"Maybe," said the Captain, grimly, "but being the nearest is not to say the safest. They will have a cordon o' marines and, what is far worse, maybe blue-jackets on the lookout. Sodjers and Preventives do not matter so muckle. For at night the sodjers canna see onything, and the Preventives are apt to be lookin' the ither road."

"Ye think, then, that we had better try the Burnfoot?"

"I think nothing," said Captain Penman, irritably. "I am here to sail my ship according to your orders. But I will take nothing to do with what may happen after you set your foot on shore."

"Na, then, wha was thinkin' itherwise?" said Kennedy McClure, soothingly, "but surely a word o' advice is worth having from siccan an auld hand as you!"

"If I were you, then," said the Captain, instantly mollified, "I should e'en keep the lower side o' the Abbey Water, away from the Wild. Even if the red-coats have caged the mice, they are sure to have reset the trap—and great fools would ye be to walk straight into it!"


As soon as it was dark enough, Captain Penman let his vessel drift landward with the tide, then running strong into the wide swallow of the Solway. The wind was light, and a jib was sufficient to give her steerage-way. It was intended that the passengers should be set on shore at a point nearly opposite to Julian Wemyss's house, where a spit of sand and the shoulder of cliff formed a neat little anchorage. The sailors of the Good Intent, accustomed to the work, were ordered to convey the little luggage they had brought with them from London to the nearest "hidie-hole" known to Kennedy McClure, where, if all went well, men from Supsorrow could easily dig them up and carry them to their owners.

Attempts were made to signal as the Good Intent glided along the coast, but all remained obstinately dark. Dark lay Glenanmays at the head of the wide Mays Water. The cliffs of the Wild sent back no answering flashes, and it was not till the Good Intent was well-nigh abreast of the Partan Craig that a faint light glimmered out, low down by the edge of the water.... Flash—flash—flash—(it went, and then darkness). Flash—flash—flash—each double the duration of the first. Then came the blackness of darkness again, and anon half-a-dozen swift needle-points of light chasing one another as quickly as the eye could register them.
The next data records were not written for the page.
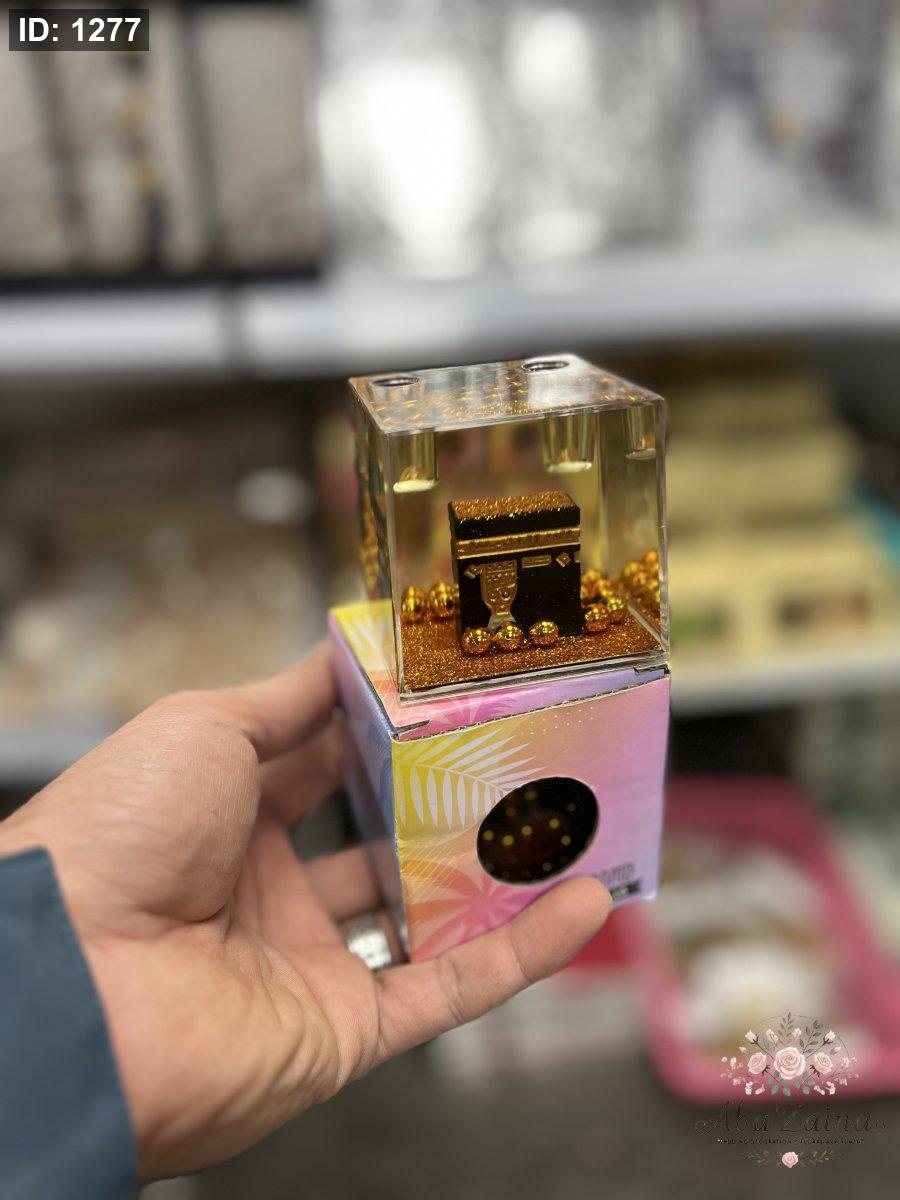 بلورة بالشكل المكعب بداخلها مجسم الكعبة مع برق ذهبي / هدايا معتمرين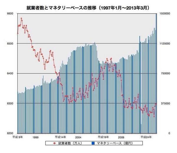 このように生産年齢人口が減っていても、MB増大率を上げる金融緩和拡大(紙幣増刷)で景気を適正水準に上げれば、雇用は増えていくのです。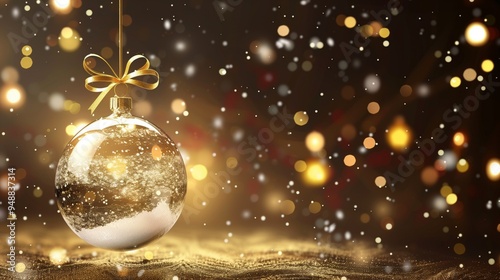 Christmas background. Xmas ornaments Glass ball with snow inside. Christmas tree decorations transparent ball hanging on golden ribbon, gold glitter confetti. Realistic 3d design. vector illustration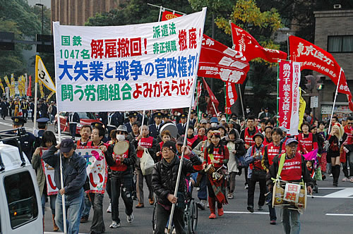 (写真 昨年を上回る隊列で11・7全国労働者集会に結集し、都心をデモ行進する動労千葉)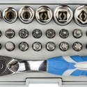 Набор: 31 шт • Головки: 6-ти гранные головки • Ключей-трещоток: 1 шт • Хранение: пластиковый кейс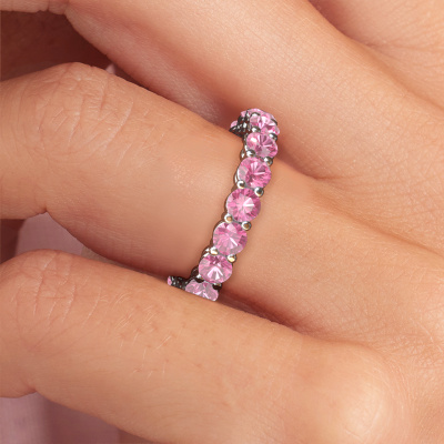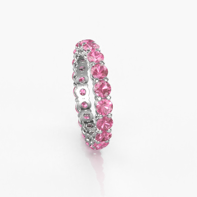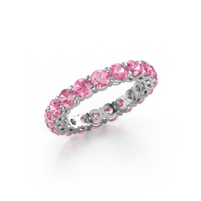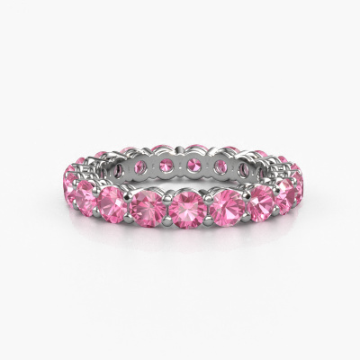 This is our Michelle full 3.4 ring. This specific type is called an eternity ring and it is set with a continuous line of identically cut gemstones. The ring is made in 14 Carat white gold and is set with small pink sapphire, 3.4 mm. This white gold Eternity ring is a perfectly beautiful and meaningful way to give your proposal that special touch. The magnificent evenly shaped pink sapphire are pave set around the ring. The identical pink sapphire are carefully selected to give the ring a maximum effect. Do keep in mind we use natural resources so small differences between stones are common. The special effect is enhanced due to precise positioning of the pink sapphire. This requires the utmost precision and a skilful hand but for our skilled artisans this is what excites them. The result is a stackable ring with a row of pink sapphire which seem to have no beginning nor end. The perfect symbol of your love for her! Isn't she a beauty?By using a combination of the latest modern techniques, combined with ancient crafting, we can make all our rings in our own studio. Each jewel is made to order. This is advantageous because we can offer you a price you won't find anywhere else.New jewellery designs are added to our online collection daily. Our team of passionate designers strive to create extraordinary and diverse designs. Have you seen a ring you like? Please feel free to contact us. Based on a good price/ quality ratio, we will make you an offer you can't refuse!To make it easier for you, we offer a 30 day return policy. Check our terms and conditions.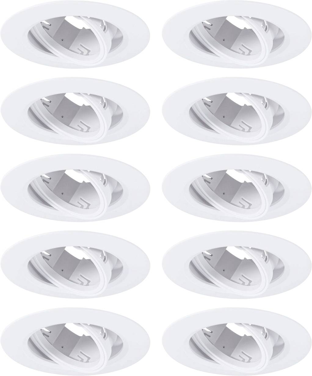 Die schwenkbaren Einbauleuchtenringe im 10er-Pack in Weiß aus Kunststoff sind eine ideale Lösung für eine flexible Beleuchtung. Der unauffällige Sprengring passt perfekt zur Leuchte und sorgt für eine harmonische Optik. Passend für Leuchtmittel mit 50mm Durchmesser, bsw. GU10 oder Paulmann LED-Coins.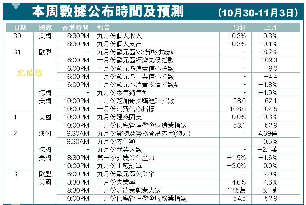 本周數據公布時間及預測(10月30-11月3日)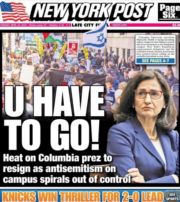الأوضاع داخل الجامعات الأمريكية تتطور وتصل حد الانفجار ضد الكيان، الأمر الذي يخشاه الاحتلال الإسرائيلي ومؤسسيه، ويعتبره الخبراء أهم حدث في أمريكا الآن، والتي تمثل حالة تمرد واحتجاج تجتاح الجامعات الأمريكية دعمًا وتأييدًا لفلسطين وإدانة لجرائم اسرائيل في غزة والضفة، خاصة بعدما قامت رئيسة جامعة كولومبيا في نيويورك نعمت شفيق بفصل 15 طالبًا واستدعاء الشرطة للطلبة بزعم قيامهم بأعمال عنف، وقامت الشرطة الأمريكية بإلقاء القبض على عشرات الطلبة وأساتذة الجامعة والموظفين، ما دفع الكثير من الجامعات بالانتفاض مساندة لحركة طلاب جامعة كولومبيا ضد أعمال العنف التي قامت بها الشرطة ضد طلاب وأساتذة جامعة كولومبيا.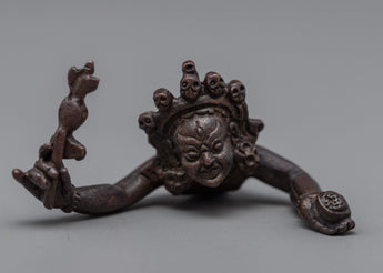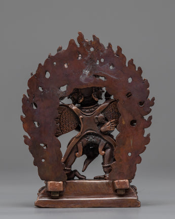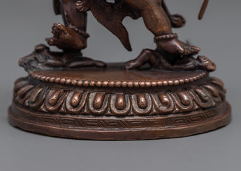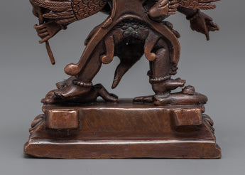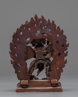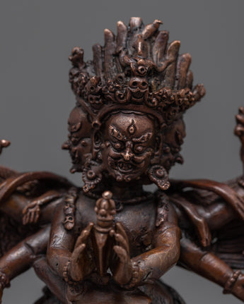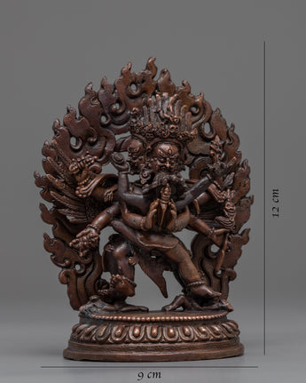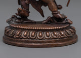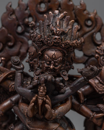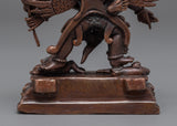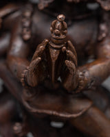 With the help of the machine, we produced this fascinating Statue for Vajrakilaya Puja. The god is pictured here with his consort, Khorlo Gyedunma. It is made up of 3 heads and 6 arms. He holds the three-bladed phurba dagger in his two hands, which is magical. One of the three main barriers to spiritual consciousness is removed by the three blades of the Phurba dagger. The body of the figure was made of molded oxidized copper. Thanks to its antique finish, this piece of art has an alluring appearance.

"There is danger ... to the north—keep farther away!" Captain Penman read off the coded message. "That's one of our folk. At any rate they are not all hanged!"

When they reached the next bay to the south the whale-boat was manned, and Miss Aline first, and then Patsy, were carefully handed down. After them came Kennedy McClure, cursing his own weight and the rope which had scorched his hands, last of all old huntsman Wolf scrambled down, bags of ammunition and all, as alert as a monkey, his rifle slung over his shoulder and his jaeger's feather stuck rakishly in his green Tyrolean hat.